## Assignment #3: Cross Validation. 

## Name: KINZA NISAR
## Roll#: 22i-2872


---------------------

## Project Overview: 
This project aims to explore the effectiveness of cross-validation (CV) in machine learning to understand whether it helps in minimizing prediction errors. Cross-validation is a statistical method used to estimate the skill of machine learning models. It is commonly used to protect against overfitting in a predictive model, particularly in a case where the amount of data may be limited. In this project, we will apply linear regression to a dataset related to breast cancer, evaluate the model's performance using various error metrics, and then employ cross-validation to assess its impact on these error metrics.

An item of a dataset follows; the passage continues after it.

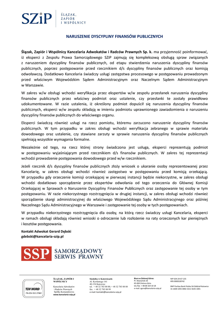 NARUSZENIE DYSCYPLINY FINANSÓW PUBLICZNYCH Ślązak, Zapiór i Wspólnicy Kancelaria Adwokatów i Radców Prawnych Sp. k. ma przyjemność poinformować, iż eksperci z Zespołu Prawa Samorządowego SZiP zajmują się kompleksową obsługą spraw związanych z naruszeniem dyscypliny finansów publicznych, od etapu stwierdzenia naruszenia dyscypliny finansów publicznych, poprzez postępowanie przed rzecznikiem d/s dyscypliny finansów publicznych oraz komisją odwoławczą. Dodatkowo Kancelaria świadczy usługi zastępstwa procesowego w postępowaniu prowadzonym przed właściwym Wojewódzkim Sądem Administracyjnym oraz Naczelnym Sądem Administracyjnym w Warszawie. W zakres w/w obsługi wchodzi weryfikacja przez ekspertów w/w zespołu przesłanek naruszenia dyscypliny finansów publicznych przez właściwy podmiot oraz ustalenie, czy przesłanki te zostały prawidłowo udokumentowane. W razie ustalenia, iż określony podmiot dopuścił się naruszenia dyscypliny finansów publicznych, eksperci w/w zespołu składają w imieniu podmiotu uprawnionego zawiadomienia o naruszeniu dyscypliny finansów publicznych do właściwego organu. Eksperci świadczą również usługi na rzecz pomiotu, któremu zarzucono naruszenie dyscypliny finansów publicznych. W tym przypadku w zakres obsługi wchodzi weryfikacja zebranego w sprawie materiału dowodowego oraz ustalenie, czy stawiane zarzuty w sprawie naruszenia dyscypliny finansów publicznych spełniają wszystkie wymagania formalne. Niezależnie od tego, na rzecz której strony świadczona jest usługa, eksperci reprezentują podmiot w postępowaniu wyjaśniającym przed rzecznikiem d/s finansów publicznych. W zakres tej reprezentacji wchodzi prowadzenie postępowania dowodowego przed w/w rzecznikiem. Jeżeli rzecznik d/s dyscypliny finansów publicznych złoży wniosek o ukaranie osoby reprezentowanej przez Kancelarię, w zakres obsługi wchodzi również zastępstwo w postępowaniu przed komisją orzekającą. W przypadku gdy orzeczenie komisji orzekającej w pierwszej instancji będzie niekorzystne, w zakres obsługi wchodzi dodatkowo sporządzenie przez ekspertów odwołania od tego orzeczenia do Głównej Komisji Orzekającej w Sprawach o Naruszenie Dyscypliny Finansów Publicznych oraz zastępowanie tej osoby w tym postępowaniu. W razie niekorzystnego rozstrzygnięcia w drugiej instancji, w zakres obsługi wchodzi również sporządzenie skargi administracyjnej do właściwego Wojewódzkiego Sądu Administracyjnego oraz później Naczelnego Sądu Administracyjnego w Warszawie i zastępowanie tej osoby w tych postępowaniach. W przypadku niekorzystnego rozstrzygnięcia dla osoby, na którą rzecz świadczy usługi Kancelaria, eksperci w ramach obsługi składają również wnioski o odroczenie lub rozłożenie na raty orzeczonych kar pieniężnych i kosztów postępowania. Kontakt Adwokat Gerard Dębski [email protected] ŚLĄZAK, ZAPIÓR I WSPÓLNICY Kancelaria Adwokatów i Radców Prawnych Spółka Komandytowa www.kancelaria-szip.pl Siedziba w Katowicach: Al. Korfantego 141 40-154 Katowice tel. + 48 32 783 88 00; + 48 32 783 88 88 fax. + 48 32 783 88 99 e-mail: [email protected] Biuro w Zielonej Górze: Pl. Słowiański 26 65-069 Zielona Góra tel./fax + 48 68 324 10 18 e-mail: [email protected] NIP 634-24-67-135 KRS 0000328742 BNP Paribas Bank Polska SA Oddział Katowice 31 1600 1055 0002 3211 5635 1001

By applying linear regression, we will predict the likelihood of breast cancer based on these features. The model's predictive accuracy will be quantified using Mean Squared Error (MSE), Mean Absolute Error (MAE), and Root Mean Squared Error (RMSE) on the training data. Subsequently, we will implement cross-validation to evaluate if the model's performance is consistent across different subsets of the data. The comparison of error metrics before and after applying cross-validation will reveal whether CV helps in reducing the prediction error, thereby indicating a more robust model that generalizes well to new data.

## Dataset overview:
The dataset we are using is focused on breast cancer attributes, which is a compilation of observations and measurements related to breast cancer cases. Each entry in the dataset represents a case with a set of predictor variables such as the characteristics of the cell nuclei present in the digital images of a fine needle aspirate (FNA) of a breast mass. The variables include attributes like radius, texture, perimeter, area, smoothness, compactness, and symmetry of the cell nuclei, among others. The target variable is a binary classification indicating the presence or absence of breast cancer.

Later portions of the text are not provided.